Exercise prompt: Without the pictures, give every record again exactly.

Record excerpts:
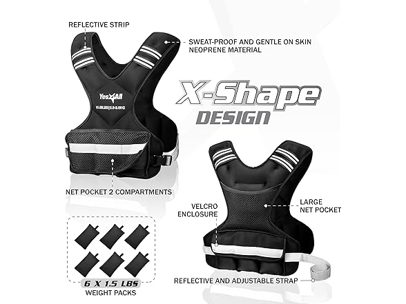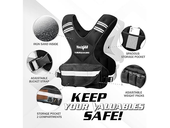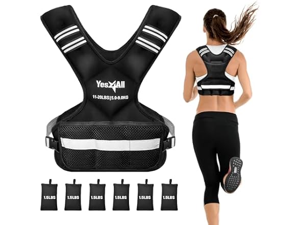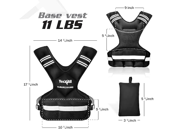 Yes4All Adjustable Weighted Vest 11-20lbs with Reflective Strip, Large Weight Vest for Strength Training for Men & Women
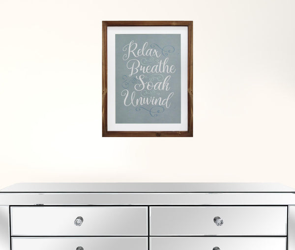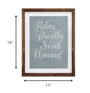 “Relax, Breathe, Soak, Unwind” Framed Wall Art brings the look and feel of a spa retreat to your home bath. This handcrafted wall art features a printed message in cursive type on beautiful blue art paper with a white mat border all around. A gorgeous wood and glass frame completes the look and makes it ready to hang. Overall Measurement:11.00 W X 1.00 D X 14.00 H
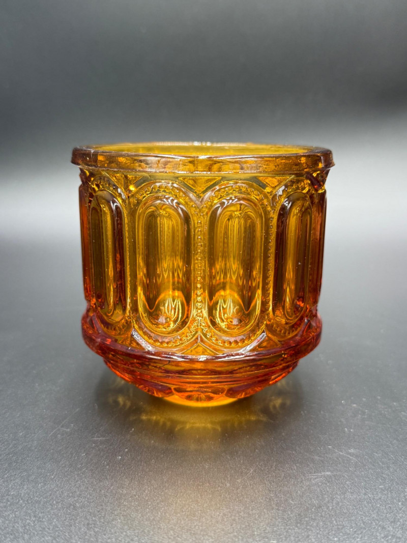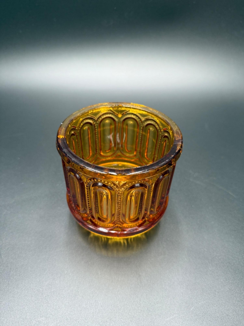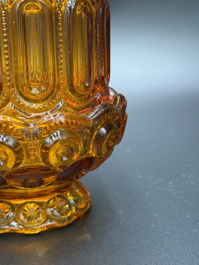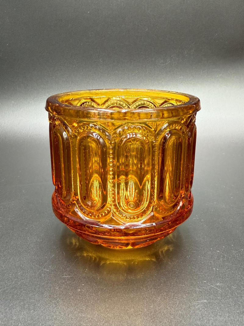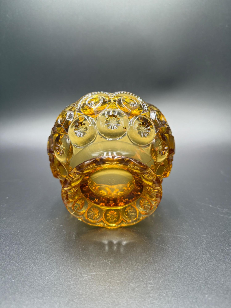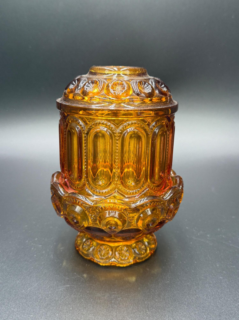 Vintage LE Smith Amber Glass Moon and Stars Fairy Lamp Amber pressed glass fairy lamp with a cylindrical top and rounded base. Features the classic “Moon and Stars” pattern with oval and circular motifs. The two-piece design houses a small candle or light source. Likely made by LE Smith Glass Co. based on pattern and form. Measurements:
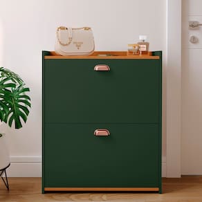 Sapateira Closet Vertical Organizadora 12 Pares Calçados Unissex Prateleira 2 Andares Gavetas Basculante Verde/Cedro - Lojas RPM
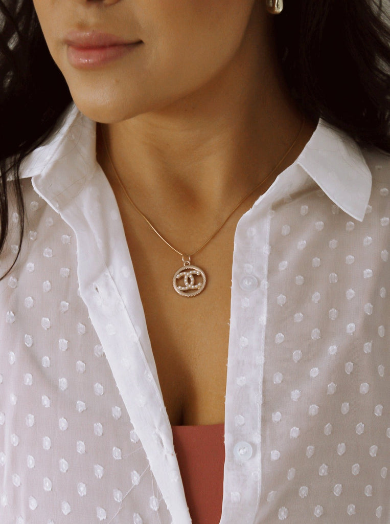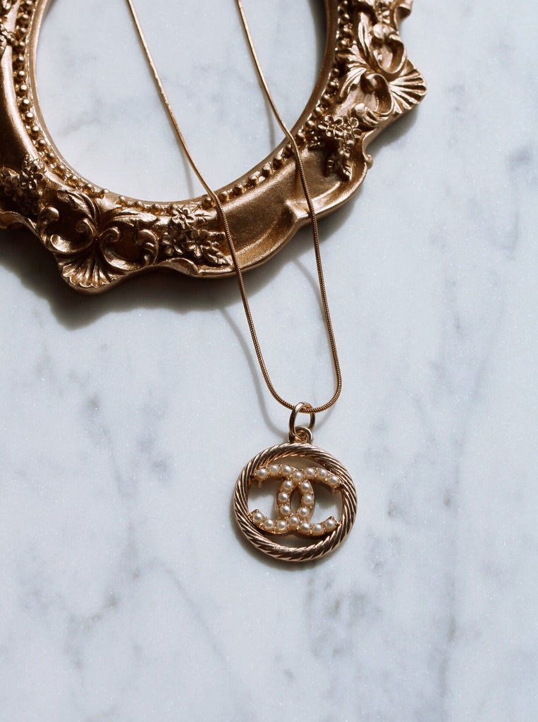 - Charm is a 2.5 cm circle gold rope with pearl accents. Stamped on back of charm for authenticity.

Result of the task:
 Yes4All Adjustable Weighted Vest 11-20lbs with Reflective Strip, Large Weight Vest for Strength Training for Men & Women
 “Relax, Breathe, Soak, Unwind” Framed Wall Art brings the look and feel of a spa retreat to your home bath. This handcrafted wall art features a printed message in cursive type on beautiful blue art paper with a white mat border all around. A gorgeous wood and glass frame completes the look and makes it ready to hang. Overall Measurement:11.00 W X 1.00 D X 14.00 H
 Vintage LE Smith Amber Glass Moon and Stars Fairy Lamp Amber pressed glass fairy lamp with a cylindrical top and rounded base. Features the classic “Moon and Stars” pattern with oval and circular motifs. The two-piece design houses a small candle or light source. Likely made by LE Smith Glass Co. based on pattern and form. Measurements:
 Sapateira Closet Vertical Organizadora 12 Pares Calçados Unissex Prateleira 2 Andares Gavetas Basculante Verde/Cedro - Lojas RPM
 - Charm is a 2.5 cm circle gold rope with pearl accents. Stamped on back of charm for authenticity.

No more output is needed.